Liquid oxygen looks like palest blue water    but it is cold enough to freeze your finger solid. It remains liquid only when sealed under pressure in a heavy metal tank. If a saucer of this LOX is left in a room, it quickly boils away and evaporates back into its gaseous form. The oxygen in the air is a gas because our normal temperatures are always way above its particular boiling point    which is 183 centigrade degrees below the freezing point of water. When the gas is chilled to this temperature it becomes a pale watery liquid.

Substances are gases because their molecules have enough heat energy to separate and zoom around at fantastic speeds. Removing heat removes their energy. They slow down and come closer together. At minus 183 degrees centigrade, oxygen molecules cling together and form LOX. If more heat is removed and the temperature reduced to minus 218.4 degrees centigrade, the clinging molecules close ranks and freeze together as solid oxygen.

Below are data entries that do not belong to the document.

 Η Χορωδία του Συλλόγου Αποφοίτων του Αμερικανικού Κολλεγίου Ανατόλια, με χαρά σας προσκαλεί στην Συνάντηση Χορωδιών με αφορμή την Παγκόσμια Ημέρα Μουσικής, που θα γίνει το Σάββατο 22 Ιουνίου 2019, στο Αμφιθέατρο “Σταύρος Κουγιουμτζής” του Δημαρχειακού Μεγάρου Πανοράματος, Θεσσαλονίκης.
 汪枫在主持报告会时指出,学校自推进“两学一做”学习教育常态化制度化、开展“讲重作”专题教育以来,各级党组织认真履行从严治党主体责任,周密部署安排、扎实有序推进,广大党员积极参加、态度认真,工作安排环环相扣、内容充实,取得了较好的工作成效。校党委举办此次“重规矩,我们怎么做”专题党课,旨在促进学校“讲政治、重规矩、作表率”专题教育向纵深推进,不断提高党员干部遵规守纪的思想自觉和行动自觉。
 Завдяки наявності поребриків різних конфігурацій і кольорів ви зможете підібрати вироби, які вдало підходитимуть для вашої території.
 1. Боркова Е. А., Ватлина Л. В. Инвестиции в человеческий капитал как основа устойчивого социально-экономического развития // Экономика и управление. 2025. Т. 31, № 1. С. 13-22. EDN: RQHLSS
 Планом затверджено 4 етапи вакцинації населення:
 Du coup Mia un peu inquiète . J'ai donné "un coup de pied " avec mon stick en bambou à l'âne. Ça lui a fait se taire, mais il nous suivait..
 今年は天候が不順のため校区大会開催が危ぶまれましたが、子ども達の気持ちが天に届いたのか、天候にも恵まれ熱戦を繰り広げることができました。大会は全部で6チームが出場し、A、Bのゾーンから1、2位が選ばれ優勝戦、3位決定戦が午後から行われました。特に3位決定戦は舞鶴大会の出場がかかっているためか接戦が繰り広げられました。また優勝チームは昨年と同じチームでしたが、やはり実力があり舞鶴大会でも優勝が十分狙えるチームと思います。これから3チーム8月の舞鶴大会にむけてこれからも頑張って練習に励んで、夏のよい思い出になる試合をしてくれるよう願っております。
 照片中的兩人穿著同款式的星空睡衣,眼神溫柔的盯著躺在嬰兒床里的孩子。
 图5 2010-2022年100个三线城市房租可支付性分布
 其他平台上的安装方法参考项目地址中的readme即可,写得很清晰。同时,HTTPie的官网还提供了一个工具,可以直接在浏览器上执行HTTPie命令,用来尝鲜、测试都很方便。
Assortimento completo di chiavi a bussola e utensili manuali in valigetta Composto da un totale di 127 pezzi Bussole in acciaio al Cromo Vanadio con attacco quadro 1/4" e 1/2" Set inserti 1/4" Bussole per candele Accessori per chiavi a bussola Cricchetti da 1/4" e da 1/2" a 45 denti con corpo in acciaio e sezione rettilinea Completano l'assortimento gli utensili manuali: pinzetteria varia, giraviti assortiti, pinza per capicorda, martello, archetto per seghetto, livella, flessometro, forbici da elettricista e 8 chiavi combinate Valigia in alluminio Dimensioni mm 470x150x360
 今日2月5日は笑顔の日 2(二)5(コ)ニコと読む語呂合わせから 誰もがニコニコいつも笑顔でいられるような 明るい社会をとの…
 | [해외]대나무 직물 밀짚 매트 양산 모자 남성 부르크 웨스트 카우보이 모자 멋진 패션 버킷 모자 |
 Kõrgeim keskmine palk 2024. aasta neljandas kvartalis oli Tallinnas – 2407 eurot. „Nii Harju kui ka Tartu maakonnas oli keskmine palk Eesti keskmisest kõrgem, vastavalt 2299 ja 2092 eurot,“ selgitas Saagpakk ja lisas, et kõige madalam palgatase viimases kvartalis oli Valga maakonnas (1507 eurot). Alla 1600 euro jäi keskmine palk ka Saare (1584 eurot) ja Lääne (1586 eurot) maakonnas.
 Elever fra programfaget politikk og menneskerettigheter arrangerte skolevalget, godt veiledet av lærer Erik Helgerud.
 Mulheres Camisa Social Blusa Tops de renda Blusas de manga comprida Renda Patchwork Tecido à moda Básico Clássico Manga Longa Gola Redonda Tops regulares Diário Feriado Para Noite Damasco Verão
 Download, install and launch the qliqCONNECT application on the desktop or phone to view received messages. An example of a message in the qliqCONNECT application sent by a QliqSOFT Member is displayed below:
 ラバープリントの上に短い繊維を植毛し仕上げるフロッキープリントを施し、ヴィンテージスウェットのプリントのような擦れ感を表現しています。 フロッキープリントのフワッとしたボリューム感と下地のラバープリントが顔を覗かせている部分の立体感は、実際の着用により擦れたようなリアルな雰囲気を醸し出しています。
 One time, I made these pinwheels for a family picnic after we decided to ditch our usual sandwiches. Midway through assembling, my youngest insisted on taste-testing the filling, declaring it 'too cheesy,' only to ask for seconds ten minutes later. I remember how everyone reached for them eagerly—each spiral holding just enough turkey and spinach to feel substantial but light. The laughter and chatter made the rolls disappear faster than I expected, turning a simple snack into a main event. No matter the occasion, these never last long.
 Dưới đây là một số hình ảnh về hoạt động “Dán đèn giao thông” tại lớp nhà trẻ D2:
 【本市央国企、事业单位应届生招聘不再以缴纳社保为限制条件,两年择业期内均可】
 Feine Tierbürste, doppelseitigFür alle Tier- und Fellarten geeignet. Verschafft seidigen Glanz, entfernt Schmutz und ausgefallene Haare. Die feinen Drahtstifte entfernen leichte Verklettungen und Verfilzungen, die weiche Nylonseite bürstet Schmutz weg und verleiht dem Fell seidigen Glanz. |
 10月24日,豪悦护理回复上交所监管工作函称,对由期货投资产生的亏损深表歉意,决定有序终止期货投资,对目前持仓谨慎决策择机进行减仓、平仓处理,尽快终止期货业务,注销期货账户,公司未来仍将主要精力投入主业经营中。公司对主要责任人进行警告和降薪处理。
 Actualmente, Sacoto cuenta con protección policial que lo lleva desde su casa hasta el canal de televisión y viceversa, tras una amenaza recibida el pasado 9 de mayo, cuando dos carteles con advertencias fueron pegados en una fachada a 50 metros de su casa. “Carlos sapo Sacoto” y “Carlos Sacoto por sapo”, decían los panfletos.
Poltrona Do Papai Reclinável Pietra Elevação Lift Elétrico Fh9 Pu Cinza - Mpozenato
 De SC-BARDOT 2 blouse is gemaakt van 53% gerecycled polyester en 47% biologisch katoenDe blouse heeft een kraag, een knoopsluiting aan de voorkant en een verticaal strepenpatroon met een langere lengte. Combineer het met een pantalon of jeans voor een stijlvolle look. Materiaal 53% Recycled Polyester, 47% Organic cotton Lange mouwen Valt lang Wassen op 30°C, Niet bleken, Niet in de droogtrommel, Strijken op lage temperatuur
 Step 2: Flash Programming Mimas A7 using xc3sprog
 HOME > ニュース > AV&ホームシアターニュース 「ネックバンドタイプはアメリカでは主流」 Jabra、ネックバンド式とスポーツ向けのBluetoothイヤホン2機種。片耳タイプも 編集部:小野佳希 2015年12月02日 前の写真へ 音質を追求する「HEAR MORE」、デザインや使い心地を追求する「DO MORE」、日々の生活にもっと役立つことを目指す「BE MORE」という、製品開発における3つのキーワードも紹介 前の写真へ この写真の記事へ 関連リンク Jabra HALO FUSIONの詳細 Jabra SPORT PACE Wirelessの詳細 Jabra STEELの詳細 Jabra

Instead of using a special sort of refrigerator, scientists trick the gaseous oxygen into giving up some of its heat. Vhen a gas is compressed, or squeezed into a smaller space, it becomes hotter. If this warm gas touches cooler surroundings, it shares some of its heat. Also, when a gas expands, it automatically loses some of its heat. All gases must obey these rules    and the rules can be used to prepare liquid oxygen at minus 118 degrees centigrade. This is still a shudderingly cold temperature. But it is 65 centigrade degrees warmer than the normal liquifying stage of oxygen. The apparatus for the job is a sturdy plumbing system. It has a heavy compressor linked to coils of pipes set inside two metal tanks. After the oxygen has gone through this plumbing circuit several times, enough heat is removed to turn the gas into liquid.

First, gaseous oxygen is pumped into the compressor. There it is squeezed under a pressure of about 700 pounds and becomes warm. Then it is led through coiled pipes in a tank of cool, circulating liquid. This removes some of the heat and the cooler gas is led to the second tank. There it expands through wider pipes    and loses more heat. Then it is returned to the compressor and sent on another cooling trip through the tanks. After several round trips, the chilled gas begins to condense into drops of liquid. At the bottom of the second tank, a fine valve is waiting to drain the liquid into a sturdy storage tank.

The key to the process is the correct, or critical pressure. And extra pressure is wasted. The critical pressure for liquifying oxygen is 49.7 times the standard pressure of the atmosphere. When used with suitable cooling systems, this critical pressure can cause oxygen to liquify at a critical temperature of minus 118 degrees centigrade.